By Angela Denstad Stigeler
Though salads are standard lunchbox fare year-round, they usually start appearing as the main course at the dinner table when the weather starts to warm. But if your salads always seem to hit the same notes, try giving your greens a different accent. My shrimp and mandarin salad is a surprisingly easy way to impart a little flair. Seafood, especially shrimp, is quicker to cook than a hard-boiled egg and certainly makes a salad seem more luxurious. By cooking the shrimp in an easy stir-together sauce, some pantry staples do double-duty as marinade and salad dressing, a bilingual approach to cooking to make your tongue sing. Canned mandarins—a real godsend in the seasonal gap between winter and summer fruits—lend a little sweetness, and almonds provide a nutty crunch. So next time you need a taste of Asia, try a little mandarin accent in this salad, which is sure to translate into some great flavor.
Mandarin Shrimp Salad
¼ soy sauce
¼ cup orange juice
¼ cup honey
2 tablespoons ketchup
1 tablespoon rice wine vinegar
½ teaspoon ground ginger
1 tablespoon peanut oil
1 pound medium shrimp, peeled and deveined
¼ teaspoon freshly ground black pepper
8-10 cups mixed salad greens
1 ½ cups mandarin orange segments, canned or fresh
½ cup sliced or slivered almonds, toasted
1 tablespoon snipped fresh chives, optional
In a small bowl, combine the soy sauce, orange juice, honey, ketchup, vinegar and ginger.
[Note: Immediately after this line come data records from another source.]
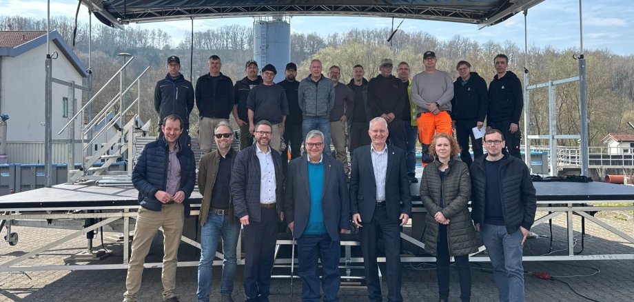 Auch Landrat Thorsten Stolz, Bürgermeister Tobias Weisbecker (Bad Orb) und Andreas Weiher (Wächtersbach), Bad Orbs Kurdirektor Steffen Kempa sowie Tim Schneider, Hauptamtsleiter der Stadt Bad Soden-Salmünster waren zum Liefertermin erschienen, um sich ein Bild von der Investition zu machen.
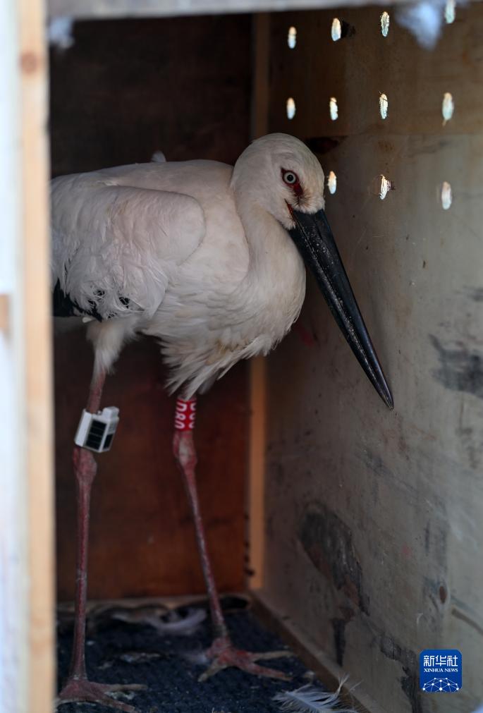 11月18日,一只被救助的东方白鹳在木箱里。
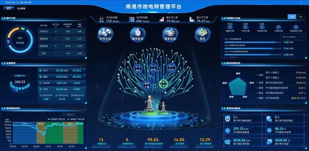 2025年4月中旬,國(guó)網(wǎng)南通供電公司承建的南通市微電網(wǎng)管理平臺(tái)正式上線運(yùn)行,在電網(wǎng)側(cè)可實(shí)現(xiàn)對(duì)全市微電網(wǎng)用戶的發(fā)展、資源規(guī)模進(jìn)行監(jiān)測(cè),且能實(shí)時(shí)分析最大上調(diào)、下調(diào)能力,評(píng)估新能源消納率、自平衡率等運(yùn)營(yíng)效益,這也是全省首個(gè)覆蓋“源網(wǎng)荷儲(chǔ)碳”全鏈條的市級(jí)微電網(wǎng)管理平臺(tái)。
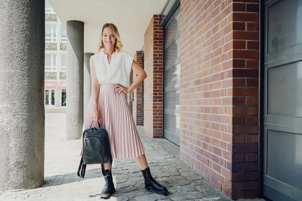 Stórt aðalhólf með rendum vasa ,annar opin vasi og penna vasar.Að framan er minna hólf og að aftan er rendur vasi.
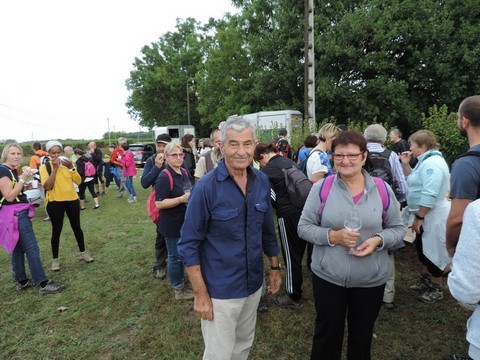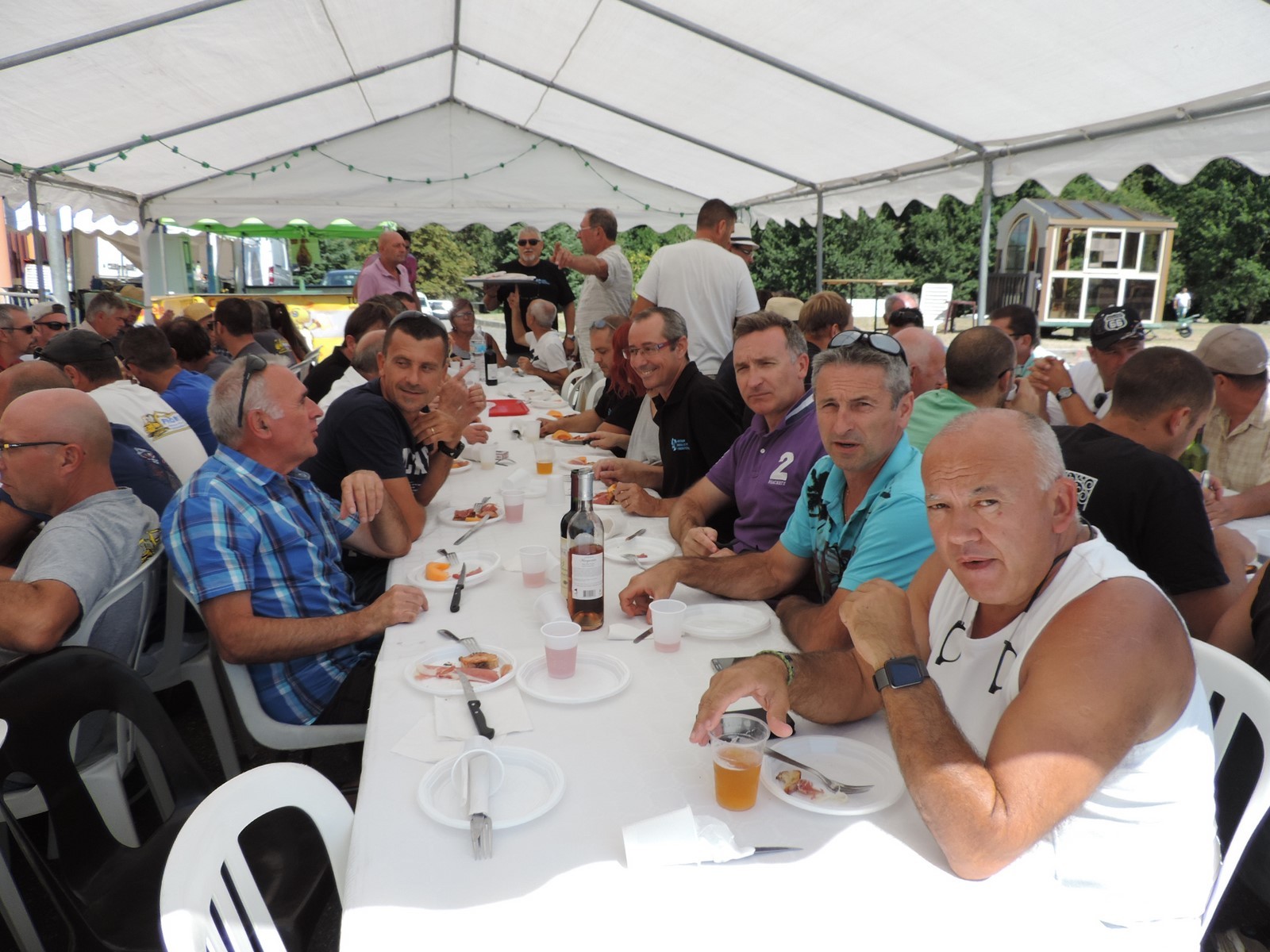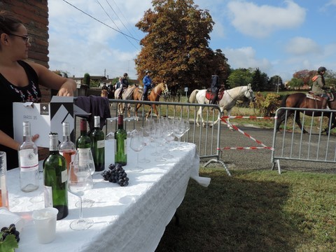 Les cavaliers nous rejoignent devant ce copieux buffet de charcuteries et de fromages ainsi qu'une délicieuse croustade aux pommes, Alain Pradier pour la cave coopérative assurant de manière très efficace le remplissage des verres.
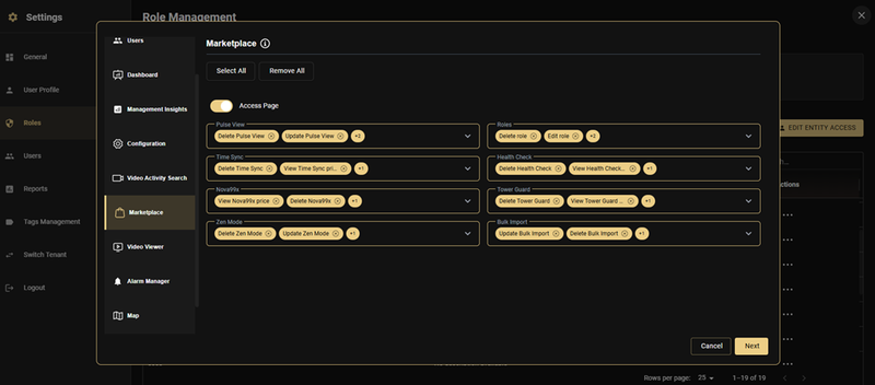 Each module has a Select All / Remove All option for quick bulk configuration, plus an Access Page toggle that enables or disables the entire module.
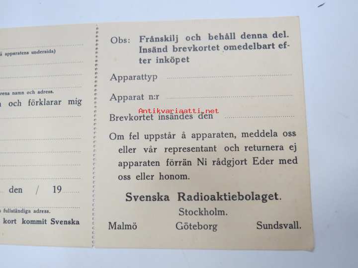 Radiola-mottagare - radio - Garantikort -takuukortti
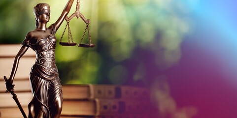 Legal law concept image Scales of Justice and case books on desk.
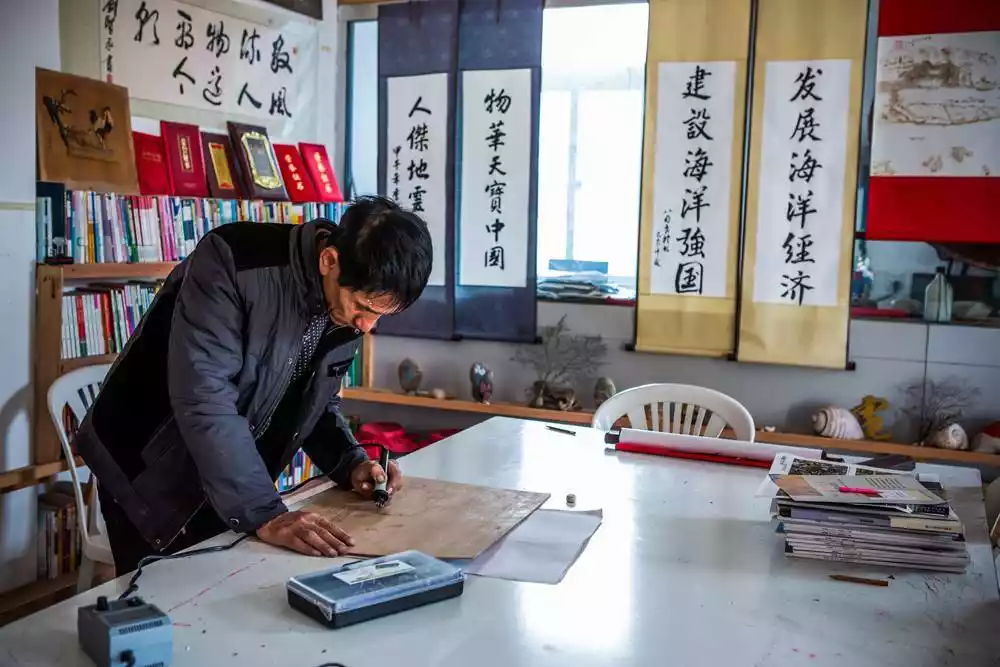 In iron painting, the drawing paper is plywood, and the brush is an electric soldering pen. Iron serves as the brush, and fire as the color. High temperatures create darker lines, while low temperatures create lighter ones. This style deviates from the freehand style of ink painting, teetering on the edge of realistic form. Thanks to Jiang Yuguo's innovation, Xiazhi's iron paintings incorporate traditional Chinese painting pigments, resulting in fade-resistant colors and a unique Xiazhi style.
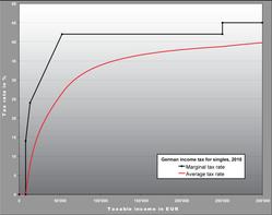 The rate of income tax in Germany ranges from 0% to 45%. The German income tax is a progressive tax, which means that the average tax rate (i.e., the ratio of tax and taxable income) increases monotonically with increasing taxable income. Moreover, the German taxation system warrants that an increase in taxable income never results in a decrease of the net income after taxation. The latter property is due to the fact that the marginal tax rate (i.e., the tax paid on one euro additional taxable income) is always below 100%. The marginal tax rates and the resulting average tax rate of the income tax are depicted in the graph to the right. The tax liability of married couples who file jointly is assessed on half their total income, and the result from applying the tax tariff is multiplied by two afterwards. Due to the progressive tax schedule, this always more favorable than taxing each spouse separately. This splitting advantage increases with the income difference between both spouses.
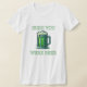 Uma Rua inteligente. A design do Dia de Patrick com uma caneca de cerveja verde e gelada com trevos, combinada com o trocadilho "Irish You was Beer", uma reviravolta divertida em "Eu queria que você estivesse aqui", perfeita para adicionar humor ao espírito de feriado.
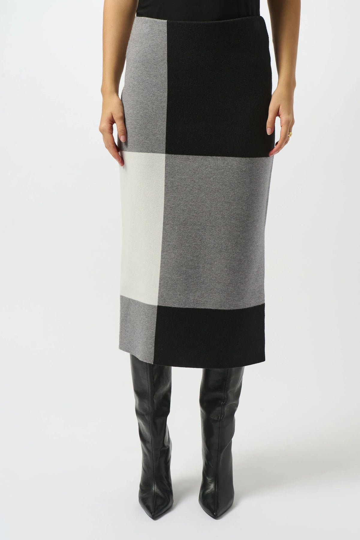 The epitome of cozy-chic, this sweater knit skirt is updated with a modern colour-block print for a fresh, stylish look. Crafted from warm jacquard knit, it offers a comfortable pull-on style with an elastic waistband for easy wear. The flattering mid-calf length makes it ideal for cooler days spent meeting friends at the coffee shop or mingling with coworkers at the office.
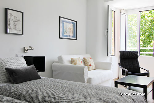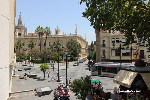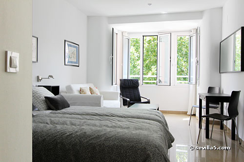 Window view on Avenida de la Constitución, a great location next to the Cathedral.
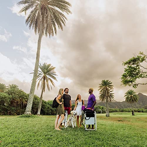 With classic lines and modern touches, the Sports Chair by ONIVA – A Picnic Time brand is a smart travel chair made of durable polyester canvas on a foldable and lightweight aluminum frame. Features abound with the extra-wide padded seat with armrests, a fold-out side table, a hanging arm rest caddy for holding books and magazines, two insulated beverage pockets, and a variety of additional pockets. Grab-and-go with the underseat carrying handles or use the adjustable, detachable shoulder strap for longer treks. This outdoor camping chair is ideal for camping, picnicking, concerts in the park, or watching your favorite sport comfortably from the sidelines. Maximum weight capacity for the chair is 300 pounds..
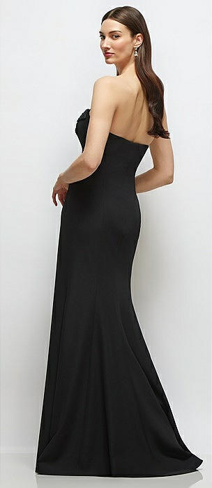 Strapless Black Fit and Flare Dress with Handmade Flower in black
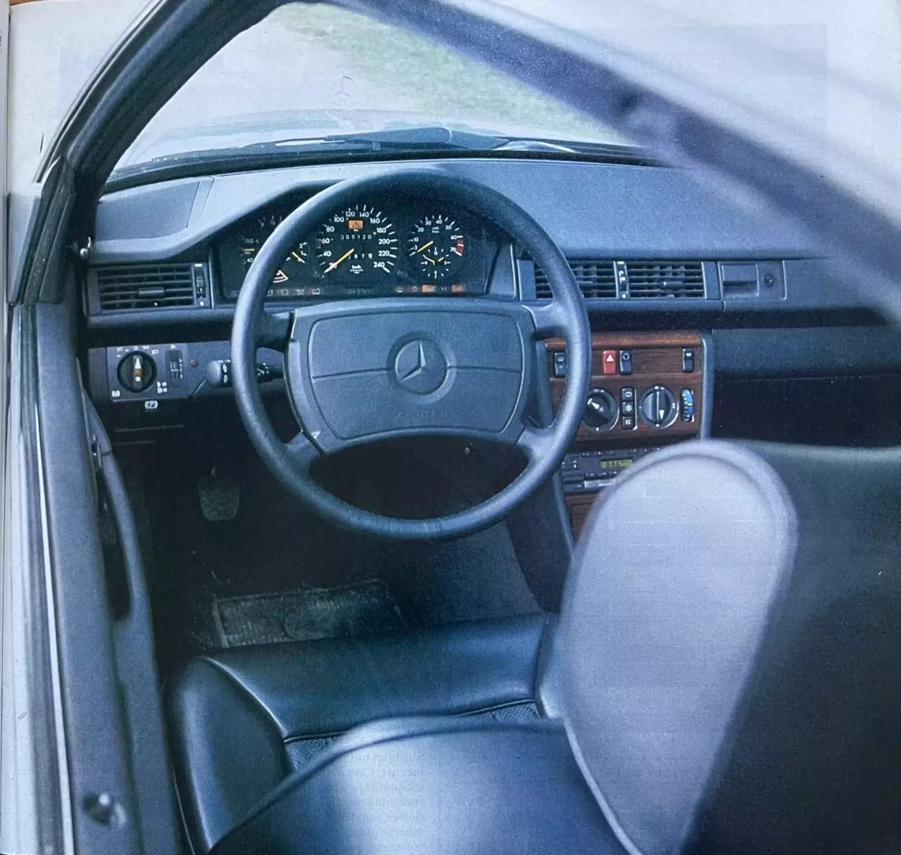 Событие датируется апрелем... Диаметр рулей 124-й серии был уменьшен! На седане он сократился с — вдумайтесь — 410 до 400 мм! Этот новый размер, разумеется, касается и купе, и по сравнению с предшественником 123-й серии это дает выигрыш в 2 см. Автомобильная пресса явно недостаточно уделяет внимания чувству юмора штутгартцев. В вопросе рулевых колес они способны развлечь собрание журналистов. Лучшее — это, несомненно, их рассуждения о средней комплекции владельца Mercedes. Тому, дескать, удобнее с большим диаметром, так как это облегчает дыхание. С невозмутимым видом они доходят до того, что упоминают отказ гидроусилителя для оправдания размеров «баранки». Это заставляет нас стать серьезнее и отметить: хотя усилитель не имеет зависимости от скорости, он оказывается ценным союзником при маневрировании, не ухудшая курсовую устойчивость на высокой скорости. Также примечателен на удивление малый диаметр разворота для машины таких габаритов. Благодаря строго спроектированной и очень цепкой передней подвеске 300 CE также очень четко держит траекторию. Возвращаясь к рулю: стоит знать, что Mercedes предлагает в своем объемном каталоге опций электрическую регулировку вылета.
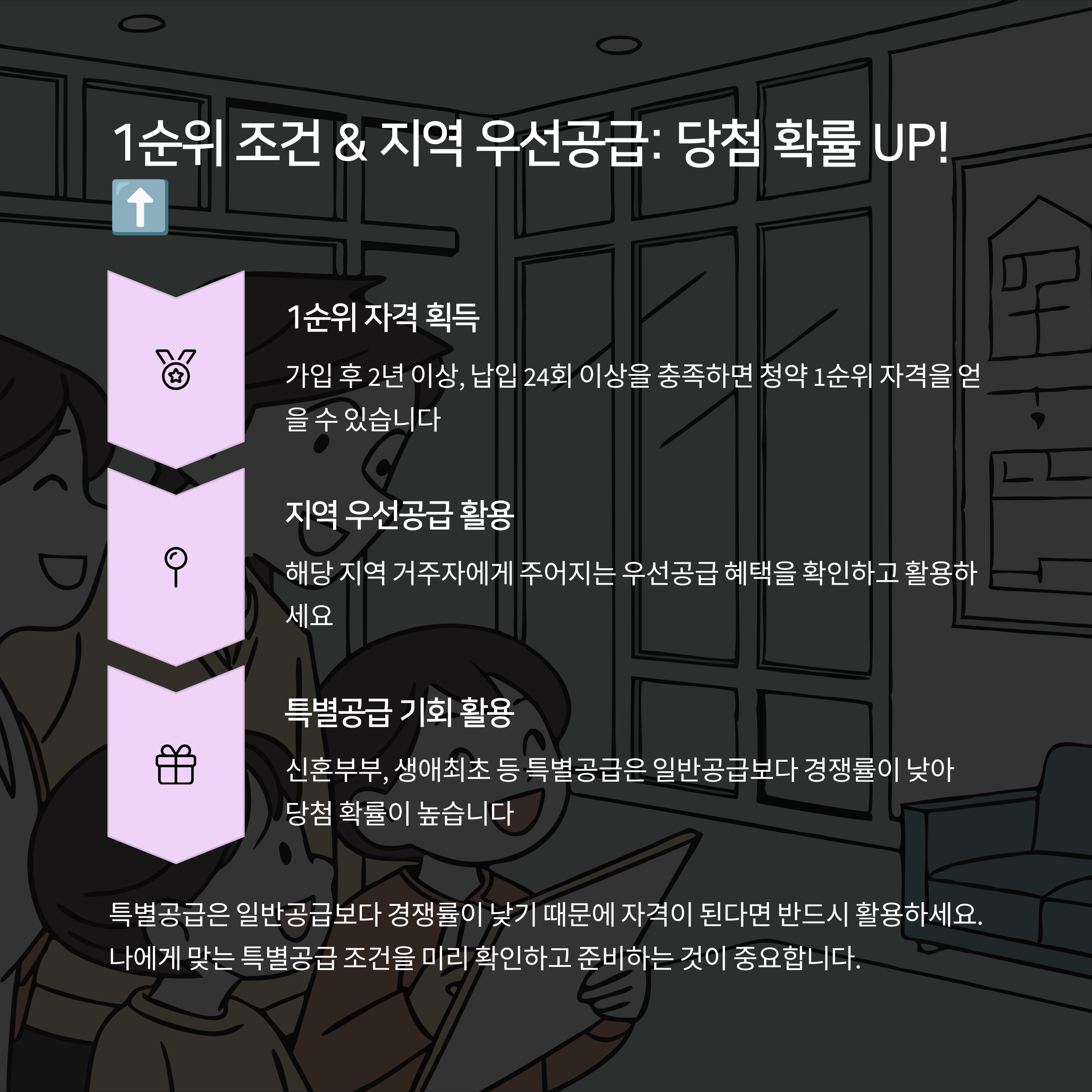 - 28세 사회초년생 C씨 (대전 거주): 통장 2년 유지 후 생애최초 특별공급 신청 → 추첨제 경쟁률 2:1에서 당첨!
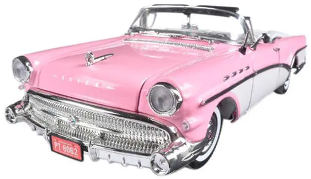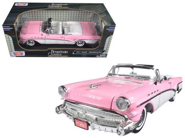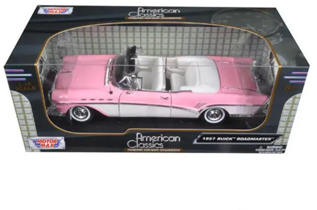 Brand new 1/18 scale diecast car model of 1957 Buick Roadmaster Convertible Pink and White die cast model car by Motormax.
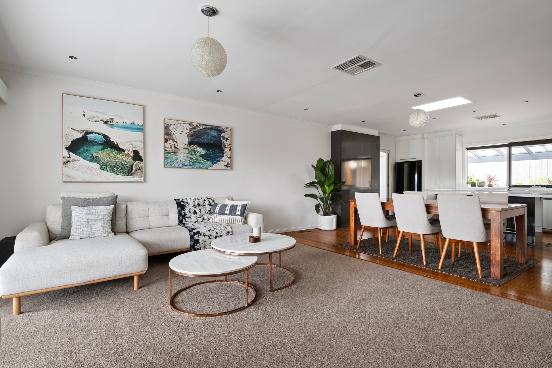 - Sprawling open plan living and dining room
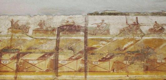 Infatti nello spogliatoio (apodyterium) del complesso termale, si è scoperto un gruppo di scene erotiche riproducenti amplessi tra coppie etero ed omosessuali, ma anche accoppiamenti fra tre o quattro personaggi, raramente rappresentati nell'arte erotica romana. L'elemento ancora più singolare è che le scene sono raffigurate al di sopra di elementi rettangolari simili a SCATOLE [come si vede nell'immagine sopra] ognuno dei quali contrassegnati da un numero progressivo da I a VIII [di cui si vede la sequenza sulla parete occidentale dello spogliatoio in questa IMMAGINE].
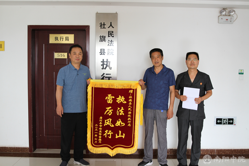 7月13日,一面写着“执法如山,雷厉风行”的锦旗和一封饱含深情的感谢信送到了社旗县人民法院执行局局长冯春光和执行法官杨明宣的手中,唐河县市场监督管理局工作人员按耐不住激动的心情,说道:“你们执法如山、雷厉风行的执法办案作风堪称楷模,我们发自内心感动感激感谢,感谢社旗法院执行局公正高效办案,维护了法律权威和政府部门公信力。

Heat the oil in a large skillet just until smoking. Add the shrimp, season with the black pepper and cook over high heat, just until the shrimp are opaque throughout. Add the soy sauce mixture to the skillet and continue to cook until the sauce is reduced and starting to thicken, about 5 minutes. Remove the shrimp with a slotted spoon and set aside. Continue reducing the dressing to the desired consistency; once chilled, it should have the texture of heavy cream. Pour the dressing into a small heat-proof bowl and refrigerate or, to chill it more quickly, place the bowl in an ice water bath.
When ready to serve, toss the salad greens with enough of the chilled dressing to coat and divide the salad among four dinner plates or six first course servings. Divide the orange segments and shrimp equally over the greens. Sprinkle with the almonds and chives, if using, and drizzle a little of the remaining dressing over the top.